── Data
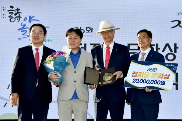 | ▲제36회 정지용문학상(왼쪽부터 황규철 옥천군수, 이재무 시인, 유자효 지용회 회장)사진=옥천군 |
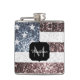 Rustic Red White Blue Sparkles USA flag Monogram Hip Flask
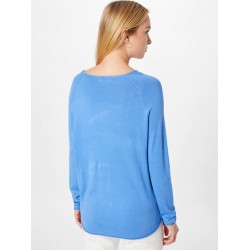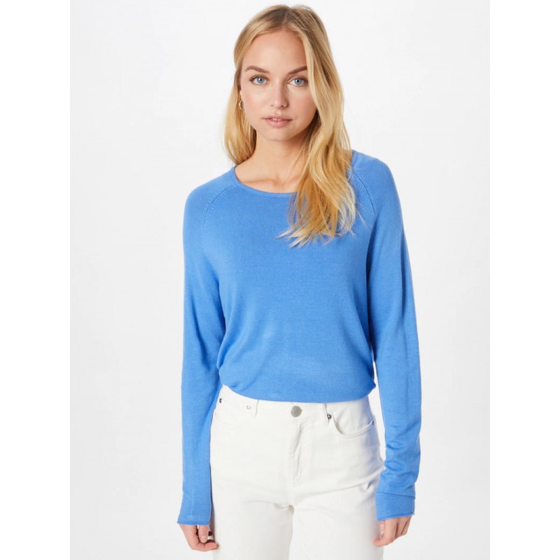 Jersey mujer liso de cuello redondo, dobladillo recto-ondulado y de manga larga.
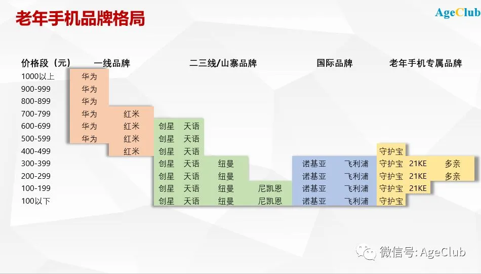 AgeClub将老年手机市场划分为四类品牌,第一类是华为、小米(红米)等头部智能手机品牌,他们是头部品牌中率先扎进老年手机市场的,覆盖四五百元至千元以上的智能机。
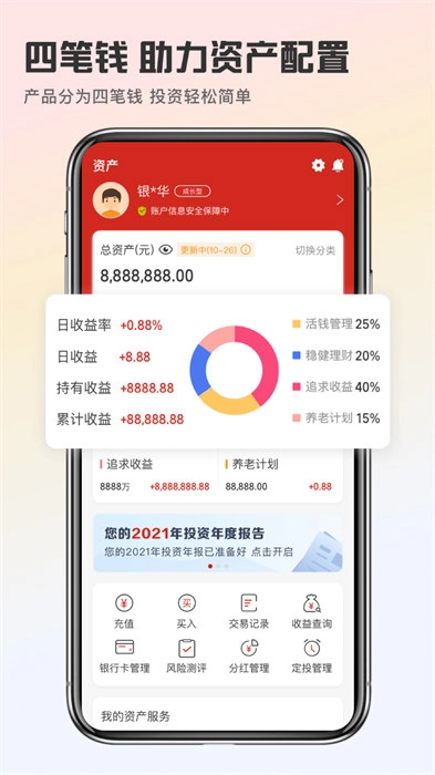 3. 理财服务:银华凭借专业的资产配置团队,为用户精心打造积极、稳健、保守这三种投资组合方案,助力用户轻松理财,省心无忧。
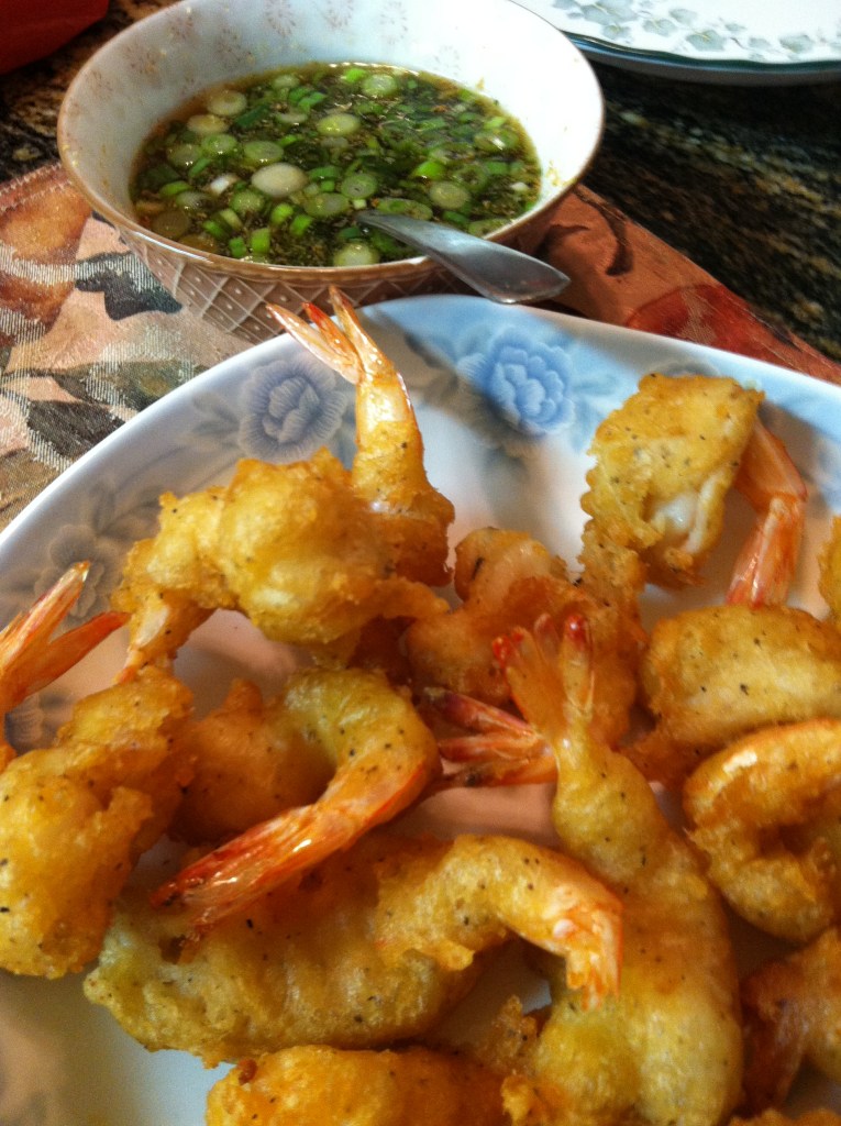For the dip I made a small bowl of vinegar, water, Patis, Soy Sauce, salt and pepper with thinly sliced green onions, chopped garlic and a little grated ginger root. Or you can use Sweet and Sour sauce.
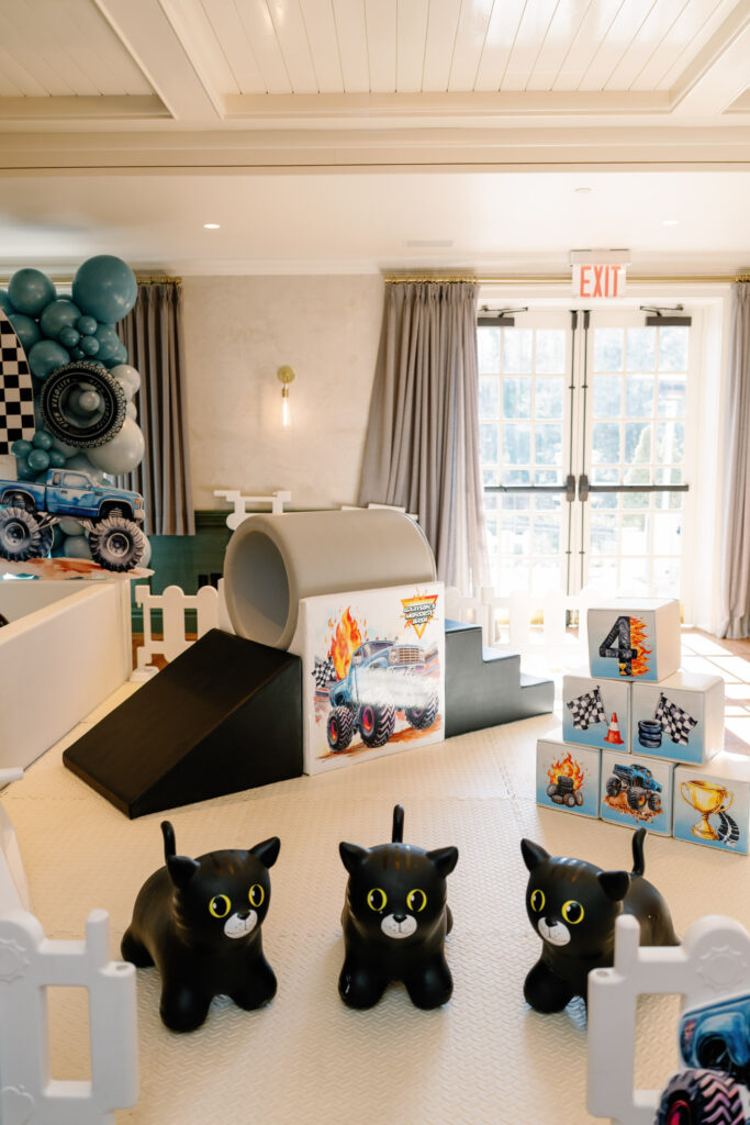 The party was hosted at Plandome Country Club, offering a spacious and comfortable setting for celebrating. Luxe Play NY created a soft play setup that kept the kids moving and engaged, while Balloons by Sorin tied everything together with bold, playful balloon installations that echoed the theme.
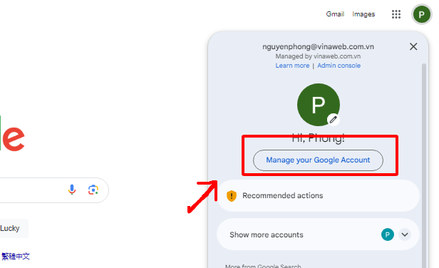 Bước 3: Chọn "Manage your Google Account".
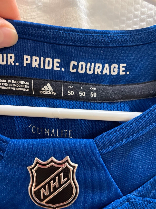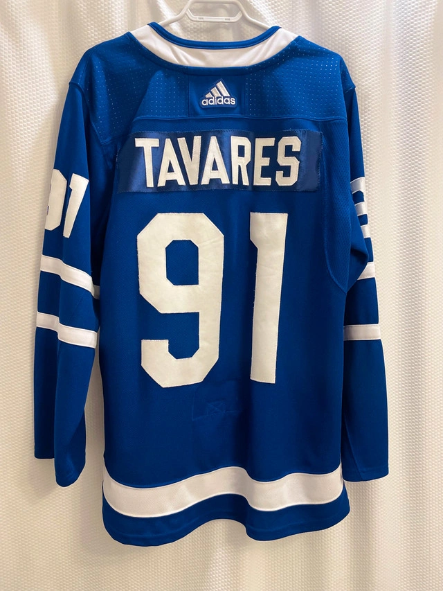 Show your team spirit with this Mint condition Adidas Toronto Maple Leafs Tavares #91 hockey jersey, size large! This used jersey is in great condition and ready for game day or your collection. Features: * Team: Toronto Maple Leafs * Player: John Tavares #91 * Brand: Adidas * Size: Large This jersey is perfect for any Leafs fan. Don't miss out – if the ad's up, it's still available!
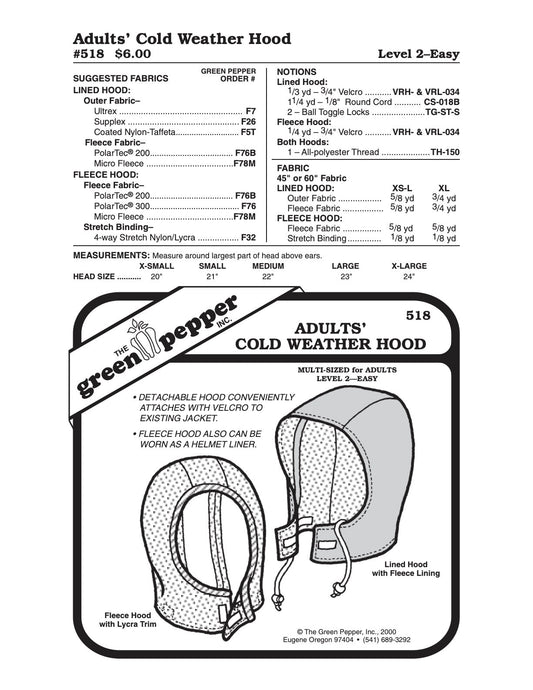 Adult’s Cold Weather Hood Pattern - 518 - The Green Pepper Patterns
────
▸ **Task details**: Only what runs from the line containing "Show your team" through the end of the entries above should be extracted, exactly and without pictures.

▸ **Completed exercise**:
 Show your team spirit with this Mint condition Adidas Toronto Maple Leafs Tavares #91 hockey jersey, size large! This used jersey is in great condition and ready for game day or your collection. Features: * Team: Toronto Maple Leafs * Player: John Tavares #91 * Brand: Adidas * Size: Large This jersey is perfect for any Leafs fan. Don't miss out – if the ad's up, it's still available!
 Adult’s Cold Weather Hood Pattern - 518 - The Green Pepper Patterns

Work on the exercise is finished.